Supplied information:

_____

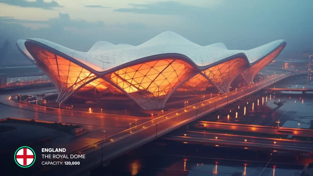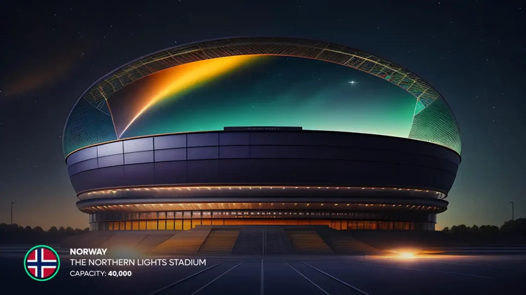 A stunning glass-domed stadium set within the Arctic Circle, where a transparent roof lets fans witness the mesmerizing aurora borealis while the match unfolds below. Fully enclosed and climate-controlled, it would offer a comfortable experience despite Norway’s extreme cold.
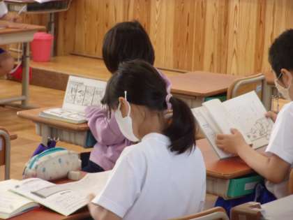 朝学習の時間の読書。みんな熱心に本を読んでいます。廊下にある学級文庫から,気に入った本をさがしています・・・ さて,“いい本”と出合えたかな?
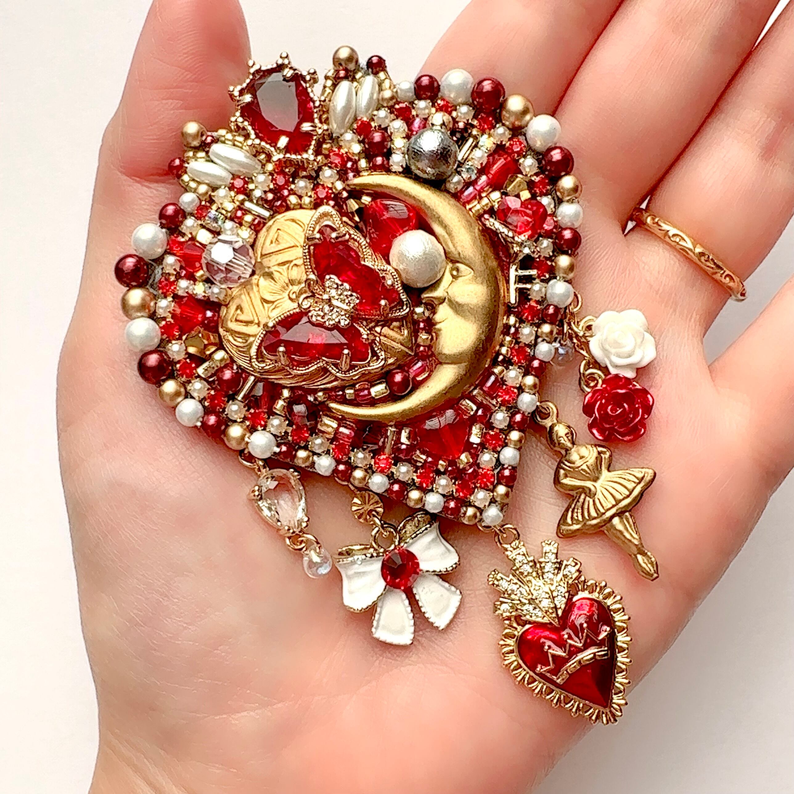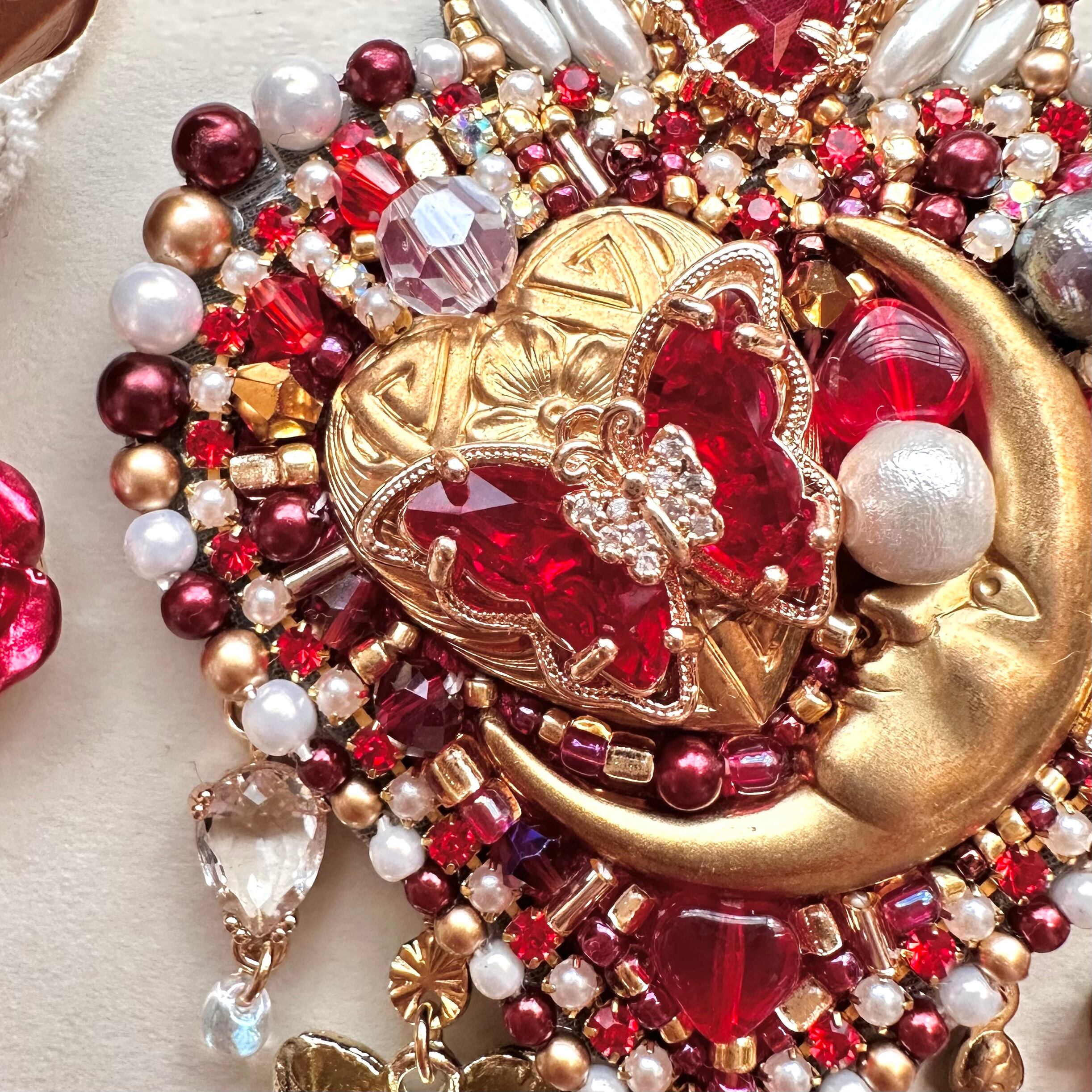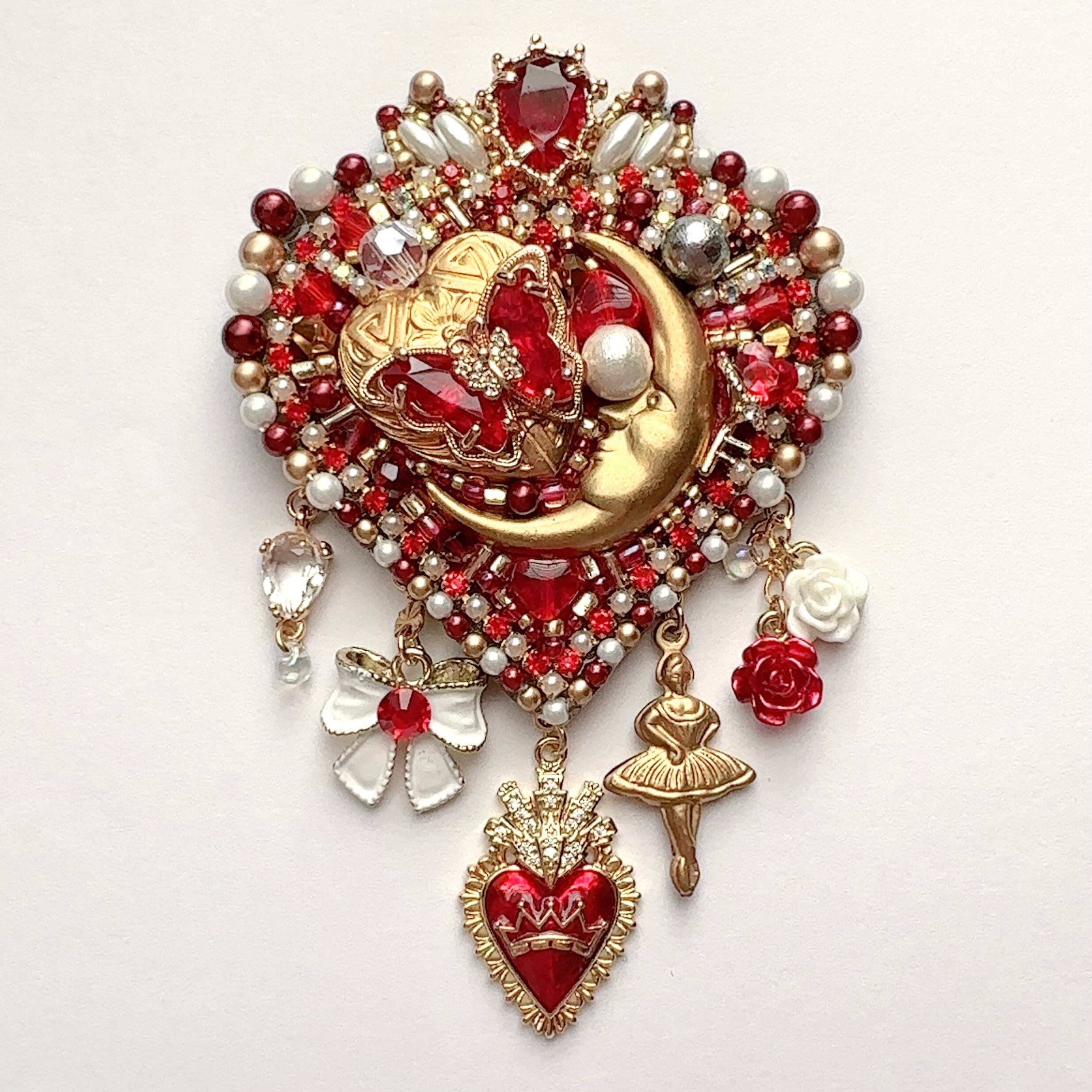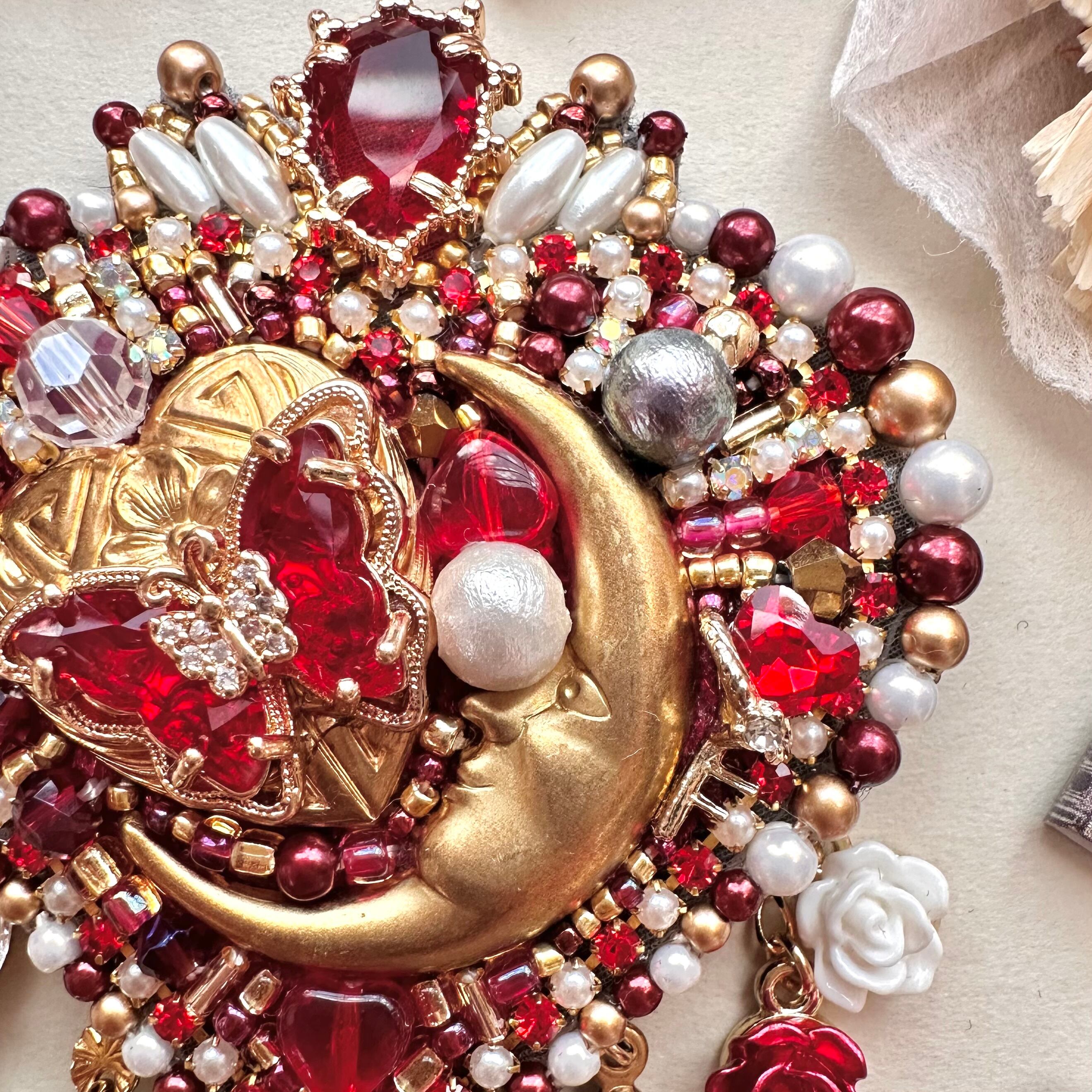 ビーズ刺繍のブローチ・ネックレス・バッグチャームの3wayです。

_____

Work to be completed: Once the line with "朝学習の時間の読書。みんな熱" is found, output it and every line after it through the end of the listing, exactly, without pictures.

Exercise response:
 朝学習の時間の読書。みんな熱心に本を読んでいます。廊下にある学級文庫から,気に入った本をさがしています・・・ さて,“いい本”と出合えたかな?
 ビーズ刺繍のブローチ・ネックレス・バッグチャームの3wayです。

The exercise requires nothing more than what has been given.